Document Issue 9 Fall/Winter

Page 260

July 28, 2016—Hong Kong

Article 5

No more weird buildings— China’s architectural revolution. Text by Aric Chen

Photographs by Adrian Gaut

Can the use of a single adjective transform an entire country’s built landscape? In China, where the utterances of a sole individual have been known to spark everything from revolutions and famines to the most spectacular economic rise in history, you might be forgiven for thinking yes. When President Xi Jinping, who’s been described as China’s most powerful leader since Deng Xiaoping and possibly Mao Tsetung, called for an end to qi-qi guai-guai (“weird”) buildings at an October 2014 symposium on the arts in Beijing, many took it as a smack across architecture’s face.

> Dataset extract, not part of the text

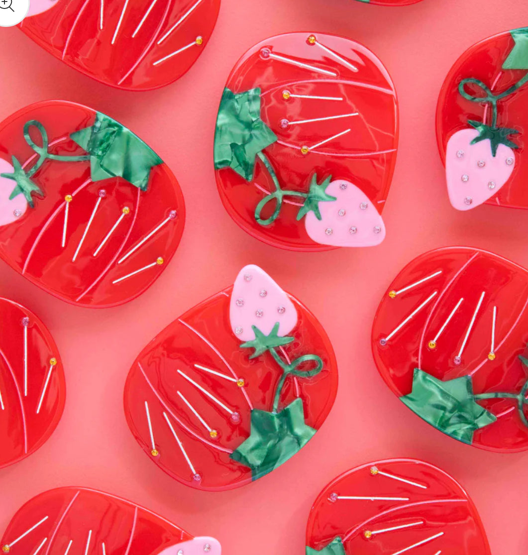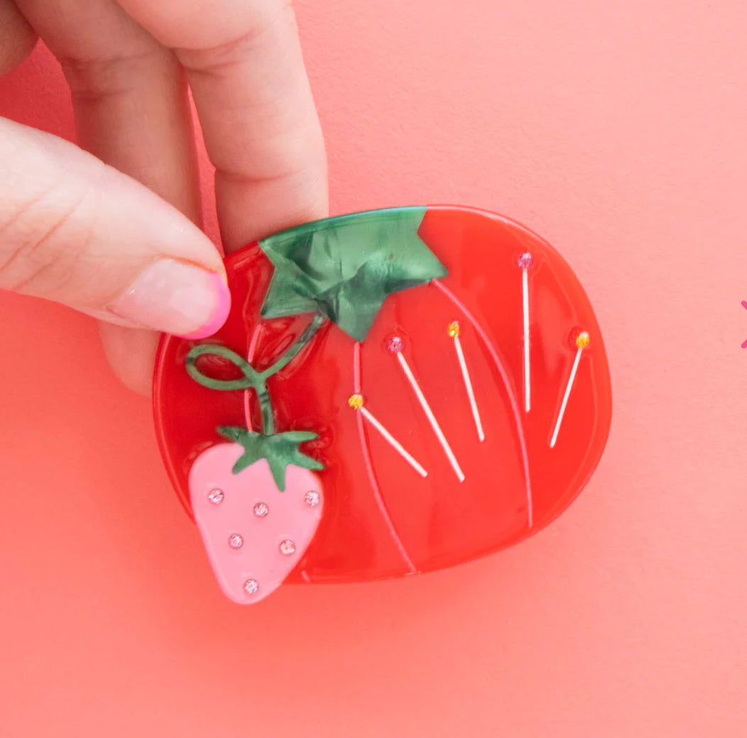 Show off your passion for sewing with the Tomato Pincushion French Barrette! This charming clip sports a curved, round tomato design with a vibrant red base, pearly green leaves, a cute pink strawberry, embossed accents, and glimmering rhinestones. Like all our hair accessories, it's made from plant-based cellulose acetate, meaning it's biodegradable and better for the environment.

Few countries have built as much, and attracted as many prominent architects, as China in recent years, and even fewer have taken their building sprees to such forward-looking heights. The end of an era seemed nigh. China’s architecture boom of the past decade has transformed the country into a hothouse for experimentation. It has pushed the limits of built form to exhilarating extremes and allowed meaningful ideas to flourish, while also creating shape-shifting icons that have made mega events like the 2008 Beijing Olympics and the 2010 Shanghai World Expo seem like mere excuses for producing more. For every CCTV tower, Guangzhou Opera House, and Bird’s Nest stadium attached to a first-name-basis architect— Rem [Koolhaas], Zaha [Hadid], and Jacques [Herzog] and Pierre [de Meuron], respectively—there has been a Harbin Opera House by Ma Yansong (MAD Architects), an OCT Design Museum by Zhu Pei, and a Yaluntzangpu Boat Terminal in Tibet, by Zhang Ke. That is to say, the phenomenon has been comprehensive, reaching into the biggest cities and the remotest corners, giving both established and emerging designers—from China, as well as abroad—a proving ground perhaps unlike any other in the world. That being said, it has also produced some real dogs, to say nothing of too many projects that for social and urbanistic reasons should never have left the drawing board in the first place. Like all great epics, the “weird building” boom has revealed both the best and worst in us: heroic ambition, heady idealism, and untamed creativity, but also hubris, vanity, and shortsighted opportunism.